Saturday, June 14, 2008

CHANGES IN FATHER'S ROLE

The images of masculinity has been changing. Asserting father's role, as a case in point, has been increasingly not as rigid as in the past. Gone are those days when men are expected not to be condescending to women. Gone are those days when the epitome of masculinity are the likes of Clint Eastwood and Sylvestre(Rambo)Stallone, men, whose movie roles portray machismo (and others must give-in). More films are now showing men's sensitivity and vulnerability. Today, we see more men who are doing childcare and housework... and to see a picture of men tenderly holding a baby is not a laughing-stock anymore.( Pls. check photo on http://www.snopes.com/photos/military/gebhardt.asp) Instead, other men admire them and women praise them. Matter of fact, the term 'houseband','dad-mom', or 'Mr. Mom' is becoming a common household lingo.

Some of the reasons of this change are the following:

1) Women are equally educated as men and are important players in the labor force. Many wives are becoming very successful in the work place that they even are getting more income than their spouses. More are even becoming heads-of-the-state, nowadays. I can never forget the time when the current Philippine commander-in-chief, Pres. Gloria Macapagal-Arroyo. Filipinos were led by men, even before they got their independence from the U.S. Hence, when Macapagal-Arroyo was confirmed to take over as the president, many Filipinos were not comfortable calling the president's husband as the 'First Gentleman'. People got used to having a 'First Lady' in Malacanang Palace.
2) The socio-economic status (SES)of women and the rising cost of living have allowed many married couples to decide, who is to stay with the children. Obviously, the one who takes less dough has to stay home.
3) The changing pattern of family, i.e. same-sex intimacy and legality, has been incresingly common, nowadays. (In fact, effective tomorrow, June 15, the state of California can legally issue marriage licenses to same-sex couples.) Whoever takes the father's role and the portrayal of such role in the eyes of the children, adopted or not, are of my keen interest as a researcher.
4) Another reason, which I am part of it, is due to a necessity.

My case was quite unique.

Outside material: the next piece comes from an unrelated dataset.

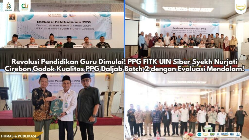UIN Siber Cirebon — Fakultas Ilmu Tarbiyah dan Keguruan (FITK) UIN Siber Syekh Nurjati Cirebon (UINSSC) sukses menggelar Evaluasi Pelaksanaan Pendidikan Profesi Guru (PPG) Dalam Jabatan (Daljab) Batch 2 Tahun 2024 pada Selasa (29/7/2025) di Hotel Grand Tryas, Jl. Tentara Pelajar, Kesambi, Kota Cirebon. Kegiatan ini berlangsung sejak pukul 08.00 WIB hingga selesai dengan dihadiri oleh berbagai pemangku kepentingan.

I have to do the woman's job, because I have to save the life of a 4-month old boy. I was newly engaged that time when an outbreak of a cholera epidemic, in a tribal village where I worked, occured. Knowing that the baby would be killed by the uncles (and buried with the mom) the following day, I have to step in to save him. It was a difficult decision. My village role became confusing, not only to the villagers, but also to me. My role as a missionary-teacher and a researcher overlapped with my role to keep the baby alive in this remote village, where canned milk was scarcely available. I faced jeers and sneers from the tribesmen. However, I persevered. I walked my talk. I educated the whole tribe, even those from far away hamlets, by showing them how to nourish a malnourished baby, without the mother's milk. A couple of months later, I saw lots of changes to the villagers belief and practices. Men started helping their wives in bathing their kids and even picking leafy vegetables in the wild. My new role, and a monicker, as a jungle dad-mom was accepted and praised by almost everybody. God allowed me to save this 4-month old baby boy, to let the husbands realize that mutual cooperation, and not a clear-cut division of labor among spouses, is much more healthier and happier to raise a family. (Note: You can read more of my life with the Ata Manobo tribe in southern Philippines, including the saving of the baby, in my book, KOILAWAN.)

So, for all of us, dad, houseband, dad-mom, Mr. Mom, or whatever... HAPPY FATHER'S DAY.